STUDENT PERFORMANCE Road maps have also been used in testing situations to assess students’ use of organic reactions in appropriate contexts. In an introductory version of this activity, students in a first-year, second-semester chemistry course were introduced to road maps on group homework assignments. Students were then presented with a roadmap in an individual testing situation (Scheme S6, Supporting Information; 58 students, spring 2014). The problem was presented as a multiple-choice exercise. A substantial number of choices were provided, representing possible reagents or reaction products (Supporting Information Figure S1). The average score on the test was 81%, indicating that first-year students were able to master the relatively easy task of matching reaction components from a template. In another situation, students in a second-year, first-semester chemistry course were presented with a roadmap in a testing situation, this time without options to choose from (Supporting Information Schemes S12 and S13; 35 students, fall 2012).
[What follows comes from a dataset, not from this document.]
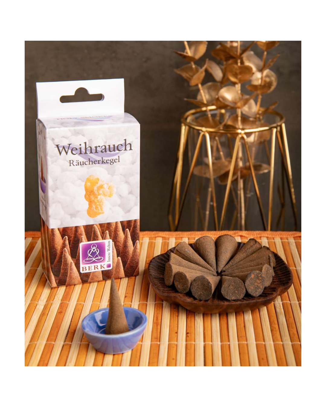 - Räucherkegel Weihrauch (Masala) - 14 handgefertigte Kegel (20 g) mit Keramikhalter. Reinigt Raumenergie, beruhigt Geist und schafft klare, ruhige Atmosphäre.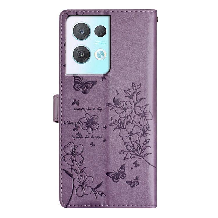 Para Oppo Reno8 Pro 5G Global Butterfly Love Flower Funda de Cuero para Teléfono En Relieve (Púrpura)

The average score on this test was 69%, showing the slightly greater difficulty of identifying reagents and reaction products without choices to guide the decision. With the help of officials from the ACS Exams Institute, selected problems from ACS organic exams were also incorporated into final exams in Reactivity I, II, and III (Supporting Information Tables S1−S3). In general, these data do not show much difference between the performance of students on questions involving organic reactions and students nationwide.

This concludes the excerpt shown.